BRIEF: Produce a verbatim copy of the following records, leaving out all pictures.

--

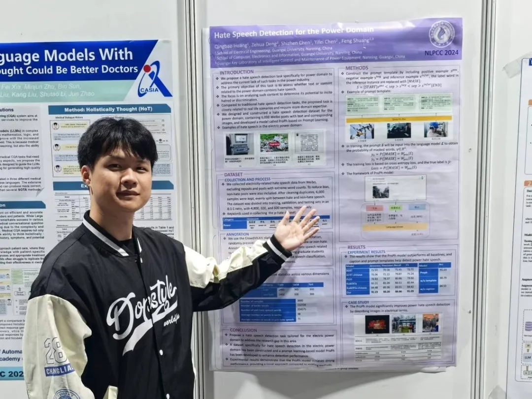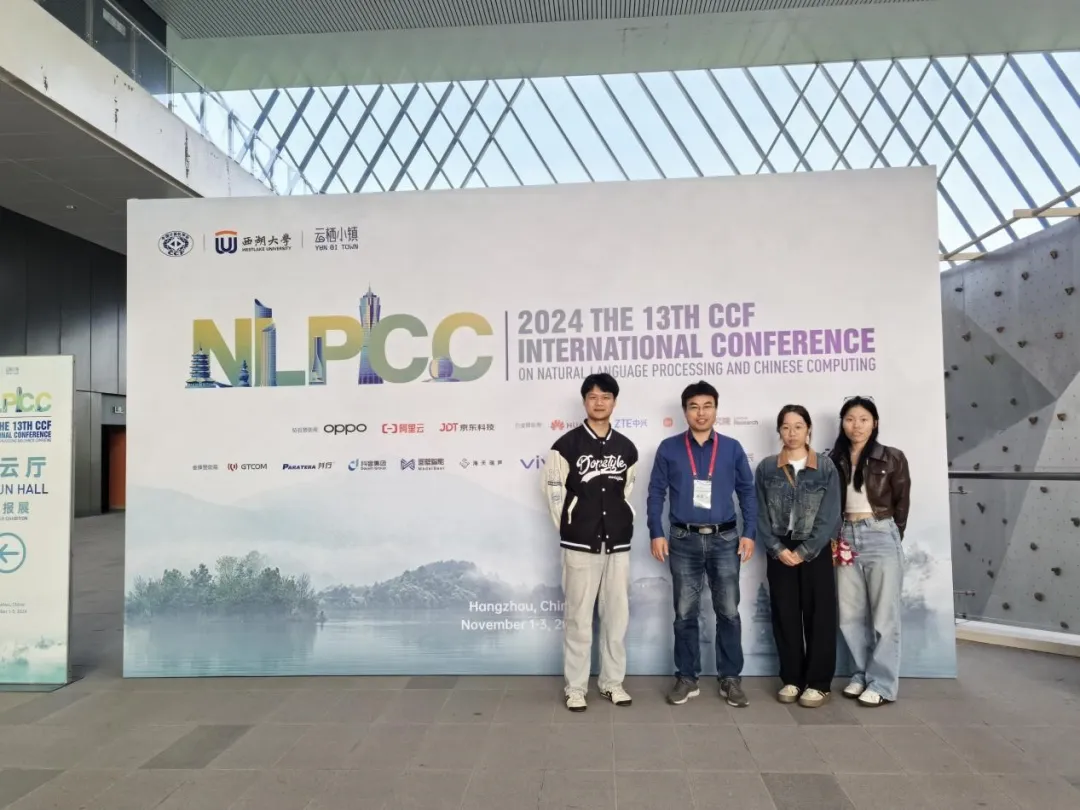 11月1日至3日,由中国计算机学会主办,西湖大学承办的第十三届CCF自然语言处理与中文计算国际会议(International Conference on Natural Language Processing and Chinese Computing,以下简称“NLPCC”)在浙江杭州举办。来自国内外多所高校、科研机构和企业的专家学者齐聚一堂,共同探讨NLP领域的最新进展和发展方向。我院2022级硕士生邓泽华同学获得广西大学研究生倍增计划资助参加本次会议并作论文展示。 师生合影(左一为邓泽华同学) NLPCC从2012年开始举办,至今已成功举办13届,是中国计算机学会自然语言处理技术委员会(CCF-NLP)的年度会议。会议旨在为来自学术界、工业界和政府的研究人员和从业人员提供开放的平台,与会者分享各自想法、研究成果和经验,通过会议可以促进各自在该领域的研究和技术创新。 据悉,本届大会共收到461篇投稿,其中40篇接收为口头报告,121篇被录取为海报(poster)。大会特别设立了海报交流环节,邀请了自然语言处理领域国际顶级期刊和会议论文作者与参会代表进行了现场交流。邓泽华参会论文《Hate Speech Detection for the Power Domain》获得海报展示,该论文提出了一个能源领域的讽刺数据集,为隐喻检测领域探索了一个新的方向。 邓泽华同学做poster展示 会后,邓泽华表示,此次国际会议为他提供了宝贵的锻炼平台,让他有机会与国内外的学术同行进行深入交流与思想碰撞。同时,他对学校提供的资助表达感激,对导师黄清宝教授的耐心指导致以敬意。
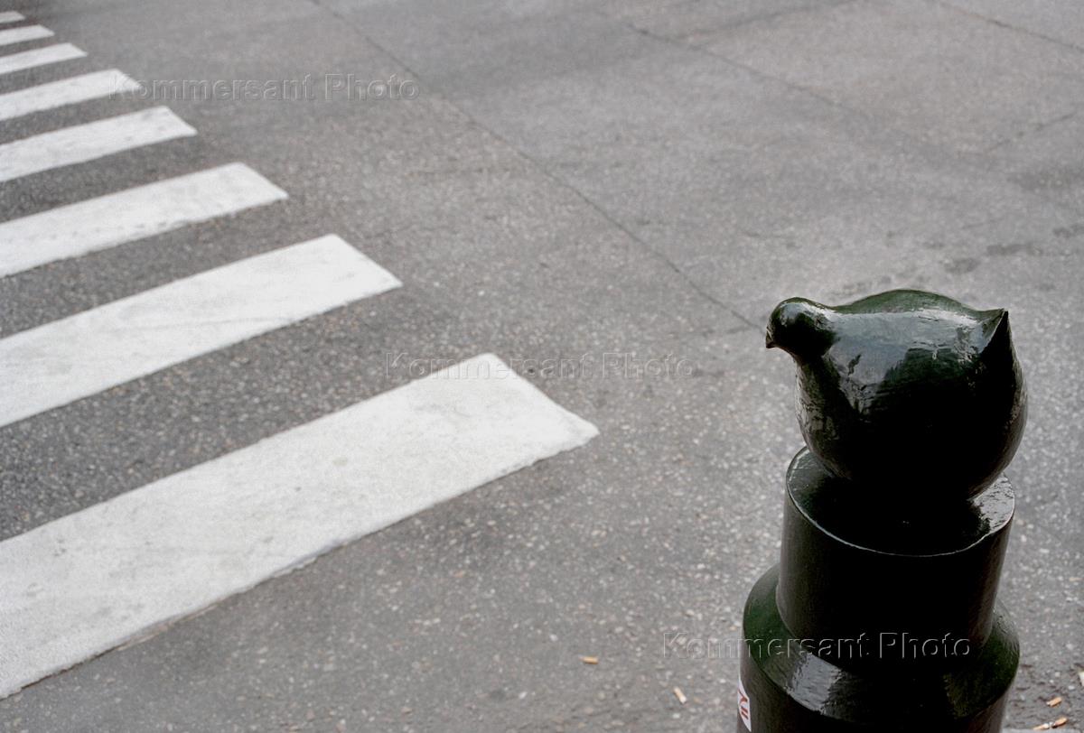 Жанровая фотография. Пешеходный переход (зебра) и столб с верхушкой в виде птички.
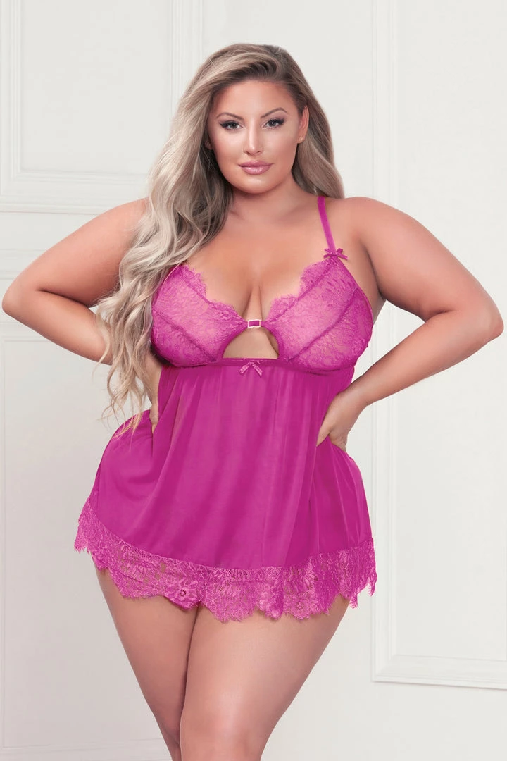 This two-piece, plus size eyelash lace and mesh babydoll features a keyhole cut out front, rhinestone charm detail, satin ribbon bows, adjustable straps, gold hardware, flyaway back, and a matching panty with back keyhole detail.
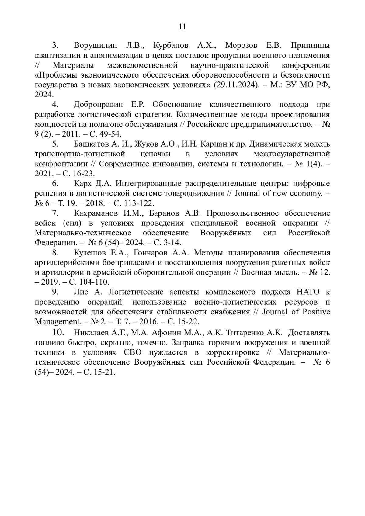 10. Николаев А.Г., М.А. Афонин М.А., А.К. Титаренко А.К. Доставлять топливо быстро, скрытно, точечно. Заправка горючим вооружения и военной техники в условиях “СВО” нуждается в корректировке // Материально - техническое обеспечение Вооружённых сил Российской Федерации. - № 6(54)- 2024. - С. 15-21. EDN: QUMBGW
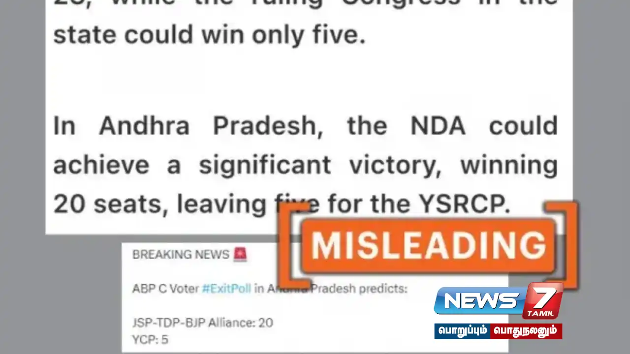தேர்தலுக்கு பிந்தைய கருத்துக் கணிப்பு முடிவுகள் வெளியான நிலையில் ஆந்திர பிரதேச மாநிலத்தில் ஆளும் ஒய்.எஸ்.ஆர் காங்கிரஸ் கட்சி தோல்வியை தழுவும் எனவும் சொற்ப இடங்களை மட்டுமே பெறும் எனவும் கருத்துக் கணிப்புகள் அடங்கிய ABC – C Voterன் கருத்துக் கணிப்பு முடிவுகள் அடங்கிய ஸ்கிரீன் ஷாட் ஒன்றை எக்ஸ் தள பயனர்கள் பலர் பகிர்ந்து வந்தனர்.
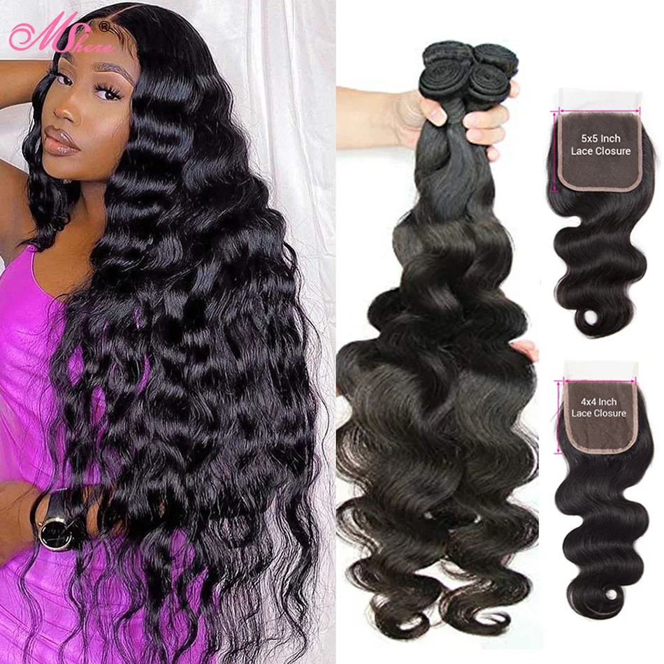 Волнистые человеческие волосы Mshere, пучки с застежкой, 4x4 5x5, К...
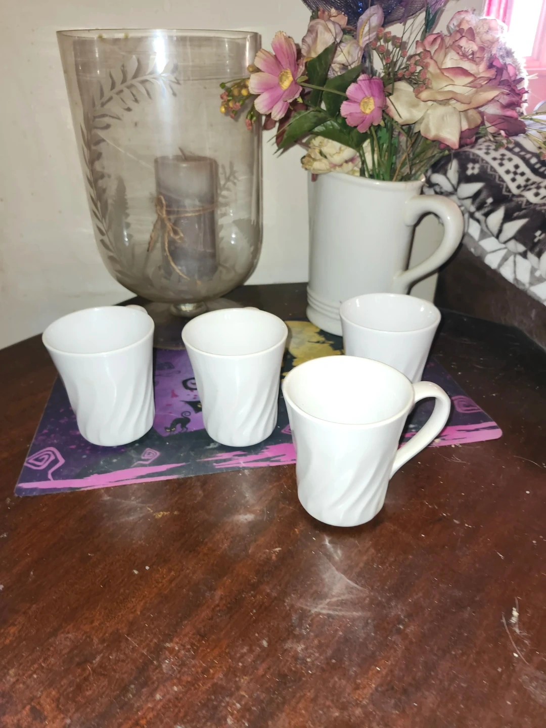 Set of four white stoneware mugs from Corelle Coordinates. Dishwasher safe. These mugs are sturdy and ready for your morning coffee or tea!
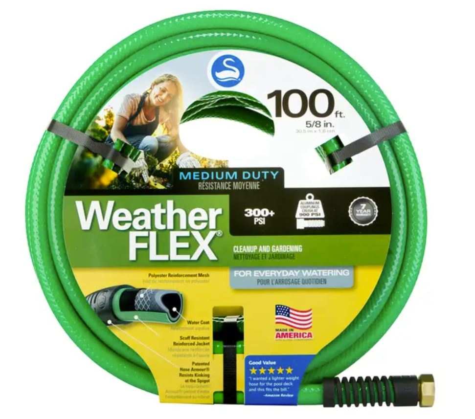 Swan’s WeatherFLEX 5/8″ x 100′ all-weather hose is a medium-duty garden hose perfect for everyday watering tasks such as watering the garden, watering the lawn and general cleanup. With a 5/8-inch inside diameter and strong 300+ PSI burst strength, the WeatherFLEX water hose delivers just the right amount of water at the right speed for all of your outdoor needs. This flexible garden hose also includes Swan’s patented Hose Armour at the female coupling to prevent it from kinking at the water source, while aircraft-grade-aluminum couplings are crush-resistant to 900 PSI. An easy-to-clean jacket, meanwhile, is abrasion-resistant to help keep the WeatherFLEX hose free from wear and tear.
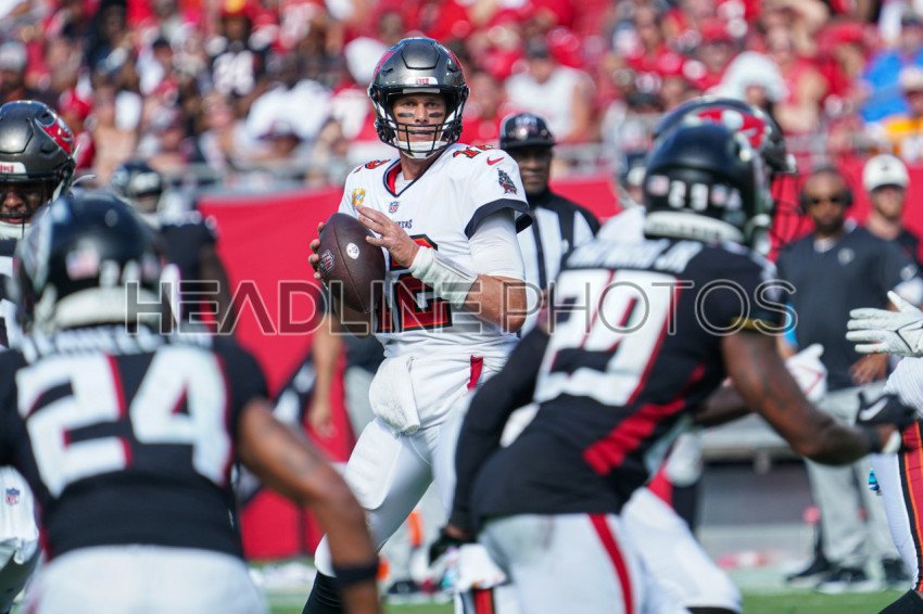 Tampa Bay, Florida, USA, October 9, 2022, Tampa Bay Buccaneers quarterback Tom Brady #12 looks to make a pass during the third quarter at Raymond James Stadium. (Photo Credit: Marty Jean-Louis)

--

SOLUTION TO THE PROBLEM:
 11月1日至3日,由中国计算机学会主办,西湖大学承办的第十三届CCF自然语言处理与中文计算国际会议(International Conference on Natural Language Processing and Chinese Computing,以下简称“NLPCC”)在浙江杭州举办。来自国内外多所高校、科研机构和企业的专家学者齐聚一堂,共同探讨NLP领域的最新进展和发展方向。我院2022级硕士生邓泽华同学获得广西大学研究生倍增计划资助参加本次会议并作论文展示。 师生合影(左一为邓泽华同学) NLPCC从2012年开始举办,至今已成功举办13届,是中国计算机学会自然语言处理技术委员会(CCF-NLP)的年度会议。会议旨在为来自学术界、工业界和政府的研究人员和从业人员提供开放的平台,与会者分享各自想法、研究成果和经验,通过会议可以促进各自在该领域的研究和技术创新。 据悉,本届大会共收到461篇投稿,其中40篇接收为口头报告,121篇被录取为海报(poster)。大会特别设立了海报交流环节,邀请了自然语言处理领域国际顶级期刊和会议论文作者与参会代表进行了现场交流。邓泽华参会论文《Hate Speech Detection for the Power Domain》获得海报展示,该论文提出了一个能源领域的讽刺数据集,为隐喻检测领域探索了一个新的方向。 邓泽华同学做poster展示 会后,邓泽华表示,此次国际会议为他提供了宝贵的锻炼平台,让他有机会与国内外的学术同行进行深入交流与思想碰撞。同时,他对学校提供的资助表达感激,对导师黄清宝教授的耐心指导致以敬意。
 Жанровая фотография. Пешеходный переход (зебра) и столб с верхушкой в виде птички.
 This two-piece, plus size eyelash lace and mesh babydoll features a keyhole cut out front, rhinestone charm detail, satin ribbon bows, adjustable straps, gold hardware, flyaway back, and a matching panty with back keyhole detail.
 10. Николаев А.Г., М.А. Афонин М.А., А.К. Титаренко А.К. Доставлять топливо быстро, скрытно, точечно. Заправка горючим вооружения и военной техники в условиях “СВО” нуждается в корректировке // Материально - техническое обеспечение Вооружённых сил Российской Федерации. - № 6(54)- 2024. - С. 15-21. EDN: QUMBGW
தேர்தலுக்கு பிந்தைய கருத்துக் கணிப்பு முடிவுகள் வெளியான நிலையில் ஆந்திர பிரதேச மாநிலத்தில் ஆளும் ஒய்.எஸ்.ஆர் காங்கிரஸ் கட்சி தோல்வியை தழுவும் எனவும் சொற்ப இடங்களை மட்டுமே பெறும் எனவும் கருத்துக் கணிப்புகள் அடங்கிய ABC – C Voterன் கருத்துக் கணிப்பு முடிவுகள் அடங்கிய ஸ்கிரீன் ஷாட் ஒன்றை எக்ஸ் தள பயனர்கள் பலர் பகிர்ந்து வந்தனர்.
 Волнистые человеческие волосы Mshere, пучки с застежкой, 4x4 5x5, К...
 Set of four white stoneware mugs from Corelle Coordinates. Dishwasher safe. These mugs are sturdy and ready for your morning coffee or tea!
 Swan’s WeatherFLEX 5/8″ x 100′ all-weather hose is a medium-duty garden hose perfect for everyday watering tasks such as watering the garden, watering the lawn and general cleanup. With a 5/8-inch inside diameter and strong 300+ PSI burst strength, the WeatherFLEX water hose delivers just the right amount of water at the right speed for all of your outdoor needs. This flexible garden hose also includes Swan’s patented Hose Armour at the female coupling to prevent it from kinking at the water source, while aircraft-grade-aluminum couplings are crush-resistant to 900 PSI. An easy-to-clean jacket, meanwhile, is abrasion-resistant to help keep the WeatherFLEX hose free from wear and tear.
 Tampa Bay, Florida, USA, October 9, 2022, Tampa Bay Buccaneers quarterback Tom Brady #12 looks to make a pass during the third quarter at Raymond James Stadium. (Photo Credit: Marty Jean-Louis)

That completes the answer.